Acura is coming back on form, and the TLX was the first salvo. The latest TLX arrived in 2021 and split opinions inside the Carbuzz offices over its handling. But opinions differ and I loved driving the TLX hard, so expect me to shift out of third-person writing and into first with all the awkwardness of a Lamborghini driver trying to show off in front of a crowd. If you love spirited driving, you want the SH-AWD option ticked to get the drivetrain and chassis to communicate properly. Its 272 horsepower and 280 lb-ft of torque won't blow your mind, but it's enough. Mixed with a superbly well-balanced chassis, the playful SH-AWD system, sharp and accurate steering, and an upscale cabin, it makes for a fun and comfortable sports sedan.
The criticism in the office is that the TLX needs summer tires to be the car Acura professes it to be. It's a fair opinion, but it depends on what you want, and with summer tires, it would generate more grip for sure. However, there's a real joy to be had exploiting the chassis balance to get the steering on-throttle and the TLX moving around on the edge of grip without having to reach higher speeds. It will absolutely slide around if you want it to, and the SH-AWD is eager to help have fun. If you want something to take on BMW directly, go for for the Type S.

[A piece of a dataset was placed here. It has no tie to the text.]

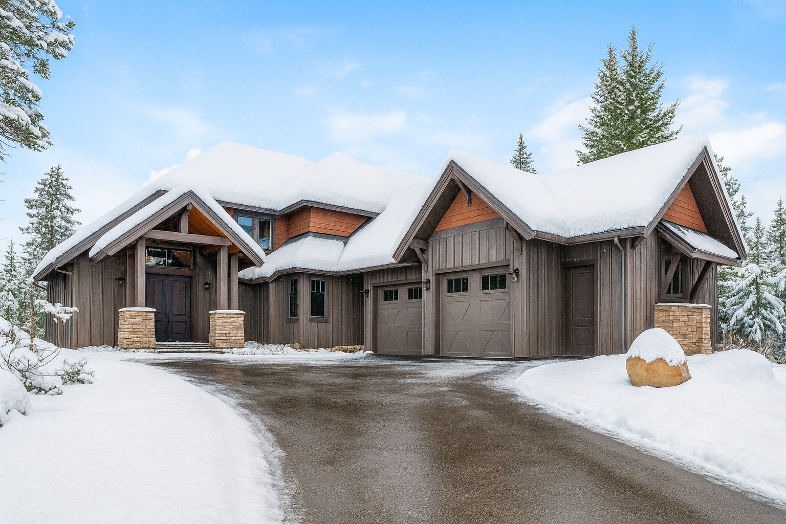 Mountain-modern masterpiece with stone accents and welcoming circular drive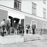 Västergötlands museilotteris tjänstemän fotograferade å närlagda tavla: Från vänster: Häradsskrivaren F. Westberg, Lektoren F. Ödberg, adjunkten V. Lundqvist, Bankdirektören T. Borgqvist, direktören C. O. Muhr, adjunkten G. Holm, Godsägaren F. Norling, Fru Ellen Norling, född Muhr, Fröken Anna Böös, Fru Augusta Wallenqvist, Häradsskrivaren R. Lundström, Ingeniör Öhrwall.

The Lexus IS comes with a huge caveat as a modern sports sedan. It's a sedate cruiser around town despite its 5.0-liter naturally aspirated V8 producing 472 hp and 395 lb-ft of torque. That's mainly down to the automatic transmission tuning, which is fine in normal mode but it remains seemingly tuned for economy in the Sport modes. The caveat is that to enjoy the engine to its maximum, you need to go manual with the paddles to keep it in the power band and rev it out to its 7,200 rpm redline. The balanced chassis makes the IS 500 fun to drive and kick around on a back road, but the soft suspension stops it from becoming the perfect thriller of a sports sedan. However, that suspension is downright sublime when the car is in daily driver mode, and the cabin is a wonderfully relaxing place to be for a commute.
The Karma GS-6 should have been on our "Cars You Forgot Are On Sale" list, but, well, we forgot about it. We shouldn't because when we test drove it in 2021, we had a great time with the car despite its outdated powertrain - the same hybrid system found in the BMW i8. In fact, it's a sedan that should not be written off as it's a blast to drive and looks absolutely sensational. Seriously, if you define a great car as being one you always look at as you walk away, the GS-6 is as good as it gets. It has supercar pricing and supercar power with 536 horsepower and 550 lb-ft combined. The interior is tight but comfortable and tighter in the rear. It's a sedan that will suit very few people, but those it does will fall in love with it.